Long before farm-to-table, seasonal and local became the holy trinity of buzzwords proudly displayed on every pop-up restaurant board, tsipouro bars were creating fresh and adaptable menus with whatever ingredients they could find in the region.
At MeZen, the menu heavily depends on what’s on offer in Thessaloniki’s local markets. “Every day we go to the fish market and the produce market, see what’s happening and what is available; then we decide what we will make that day. And the next day might be something completely different, and the next day as well. Some dishes stay the same – for example, mackerel is very common and very popular, so we often have that. However, people who come on a Monday can come back on a Tuesday and they may find lots of different dishes – we will make a different type of pickled vegetable, a different grilled fish. It really depends on the ingredients at the market.”
Helmis recommends that anyone in search of a decent plate of meze to accompany their tsipouro bypass larger restaurants in favour of the smallest, most hole-in-the-wall-style bar you can find. “Many times, you don’t get the same quality in big places. Imagine you have a restaurant with 200 seats; in rush hour, that is 200 people who all want to drink and to eat. The kitchen has to supply each of these tables with three or four plates for each drink, and you cannot keep up with that demand with fresh, good food – many places serve frozen food.”
“So the best thing is to go to small meze places, ones where you can see into the kitchen and where the kitchen can keep up with the pace and the clientele.
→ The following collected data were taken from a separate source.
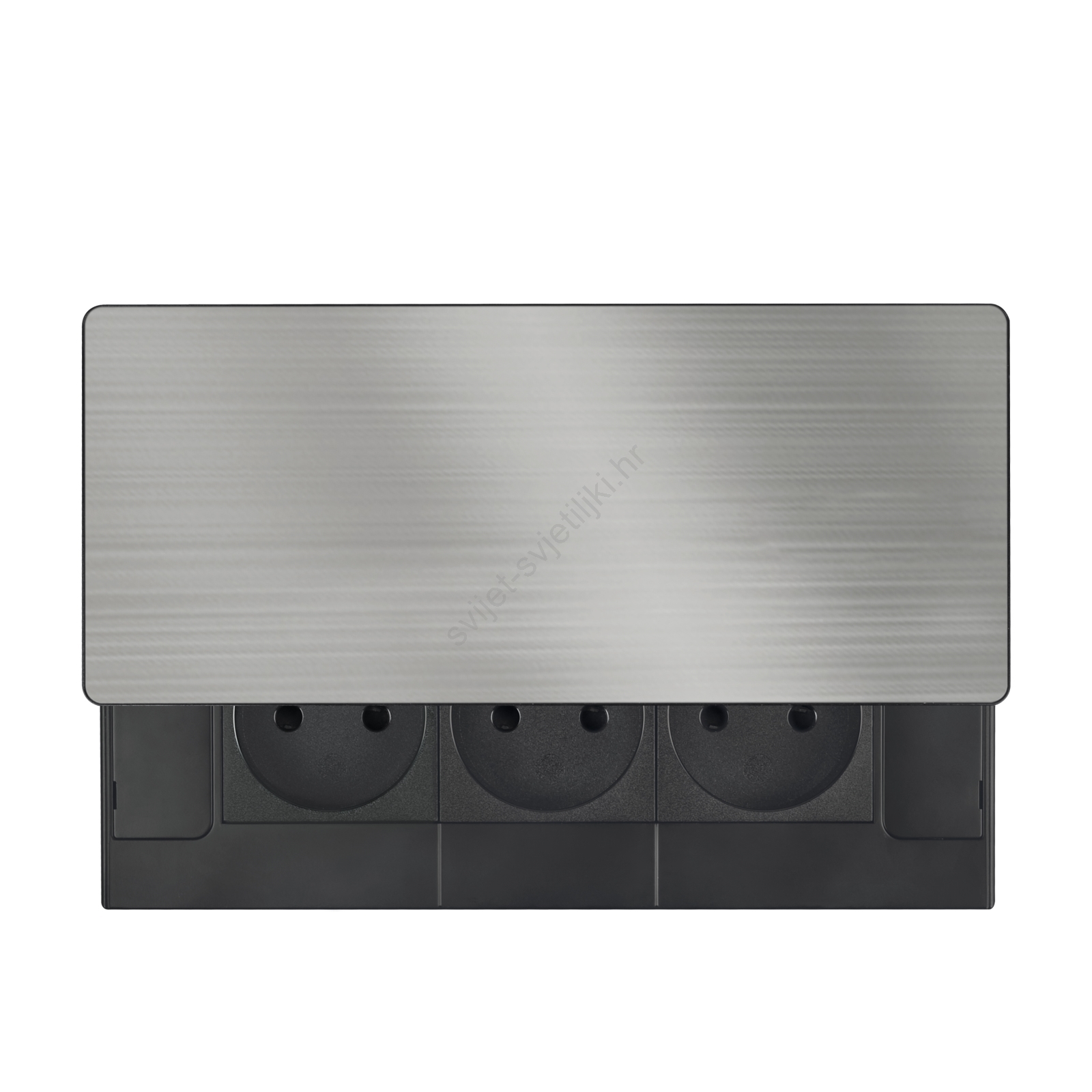 • Gornji poklopac je od matnog tamnog nehrđajućeg čelika (inox) i ima klizni mehanizam koji štiti utičnice od prašine i nečistoća.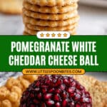 A festive and delicious pomegranate white cheddar cheese ball made with cream cheese, shredded white cheddar, chopped pecans, green onions, and a touch of salt. Coated in juicy pomegranate seeds for a beautiful and flavorful appetizer perfect for holiday gatherings or any party.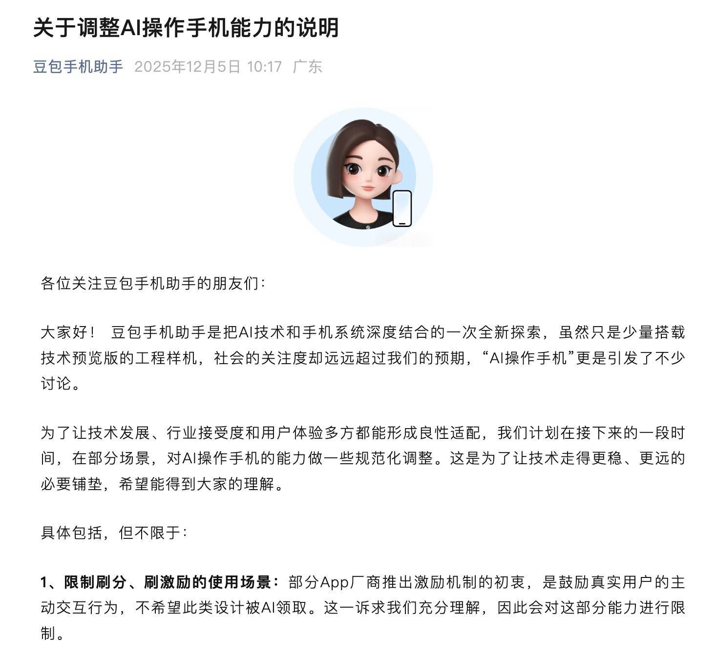 【大河财立方消息】12月5日,豆包手机助手团队发布《关于调整AI操作手机能力的说明》。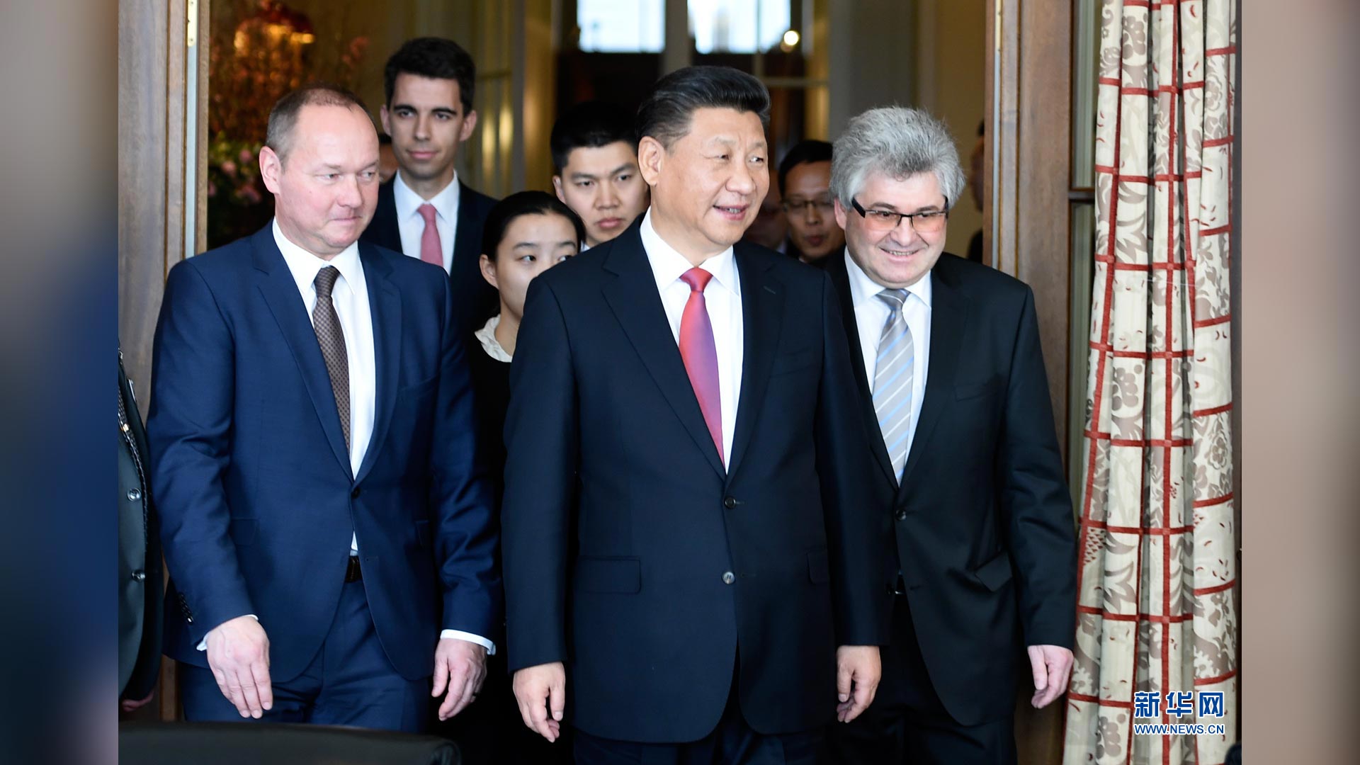 1月16日,國家主席習近平在伯爾尼會見瑞士聯邦國民院議長施塔爾和聯邦院議長比紹夫貝爾格。 新華社記者 張鐸 攝2017-01-17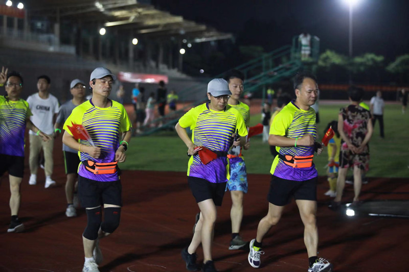 6月20日晚,学院2021、2022级员工军训开营当天,教职工悦跑协会在北区田径场举行“七一”健康跑活动。学院领导班子成员和40余位教职工跑友共同参加活动。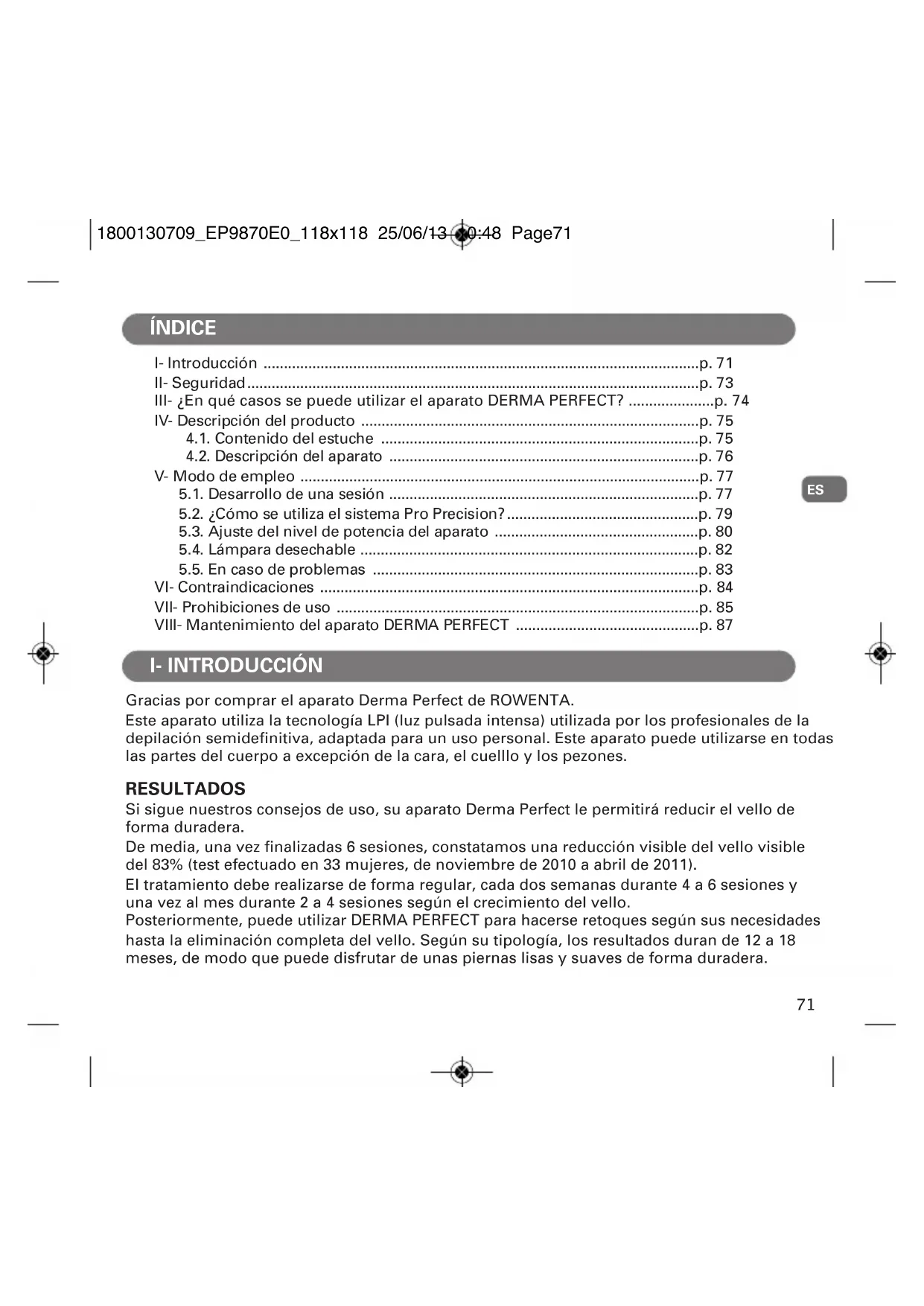 1800130709_EP9870E0_118x118 25/06/13 10:48 Page70I- Introducción ...........................................................................................................p. 71 II- Seguridad...............................................................................................................p. 73 III- ¿En qué casos se puede utilizar el aparato DERMA PERFECT? .....................p. 74 IV- Descripción del producto ...................................................................................p. 75 4.1. Contenido del estuche ..............................................................................p. 75 4.2. Descripción del aparato ............................................................................p. 76 V- Modo de empleo ..................................................................................................p. 77 5.1. Desarrollo de una sesión ............................................................................p. 77 5.2. ¿Cómo se utiliza el sistema Pro Precision?...............................................p. 79 5.3. Ajuste del nivel de potencia del aparato ..................................................p. 80 5.4. Lámpara desechable ...................................................................................p. 82 5.5. En caso de problemas ................................................................................p. 83 VI- Contraindicaciones .............................................................................................p. 84 VII- Prohibiciones de uso .........................................................................................p. 85 VIII- Mantenimiento del aparato DERMA PERFECT .............................................p. 87 Gracias por comprar el aparato Derma Perfect de ROWENTA. Este aparato utiliza la tecnología LPI (luz pulsada intensa) utilizada por los profesionales de la depilación semidefinitiva, adaptada para un uso personal. Este aparato puede utilizarse en todas las partes del cuerpo a excepción de la cara, el cuelllo y los pezones. RESULTADOS Si sigue nuestros consejos de uso, su aparato Derma Perfect le permitirá reducir el vello de forma duradera. De media, una vez finalizadas 6 sesiones, constatamos una reducción visible del vello visible del 83% (test efectuado en 33 mujeres, de noviembre de 2010 a abril de 2011). El tratamiento debe realizarse de forma regular, cada dos semanas durante 4 a 6 sesiones y una vez al mes durante 2 a 4 sesiones según el crecimiento del vello. Posteriormente, puede utilizar DERMA PERFECT para hacerse retoques según sus necesidades hasta la eliminación completa del vello. Según su tipología, los resultados duran de 12 a 18 meses, de modo que puede disfrutar de unas piernas lisas y suaves de forma duradera. ÍNDICE

Here, our kitchen is actually bigger than the restaurant!”
One thing Helmis is firm about is that you shouldn’t expect a buffet-style meal at a tsipouro bar; despite the abundance of small plates available, you won’t get an onslaught of dishes arriving at your table all at once.
“As a chef we always keep an eye and make sure people are eating at the right pace. One of the rules is that you should only have three plates in front of you. This means you can eat the grilled or fried food quickly, before it goes cold. It also means you can focus on each individual plate and talk about the flavours. The dishes are all small, they’re humble, they’re cheap. But they are very good.”
Tsipouro is not just a drink, nor is it simply an opportunity to try a selection of Greek meze. It’s a communal experience, one to be savoured and enjoyed with friends and family. Though the food may be complex, the philosophy behind MeZen is simple. “The idea – and the origin of the name – is to step out of here and be in a Zen mood. Zen from the alcohol, Zen from the food and Zen from the company.”
Helmis says, “You’re not here just for drinking, or for food – you are here for the combination of both, and for the company. The golden rule is one sip, one bite, talk – and repeat. By following this procedure you can sit here for hours, drinking and eating, and go out of here sober. It’s all about the balance.”
Helmis believes that the balance of the tsipouro tradition is something that has inspired the greatest minds of Greece throughout history. “I think tsipouro is the closest thing to the ancient Greek symposium; they drank wine mixed with water, they ate together, and they discussed their ideas. It was about debating philosophy, and exchanging thoughts, with the help of alcohol.”
After consuming numerous shots of 40-percent spirits, leaving a tsipouro bar sober may be a stretch – but at least when you emerge full, content and perhaps just a little tipsy, you’ll have the knowledge that you’ve partaken in a Greek tradition dating back centuries.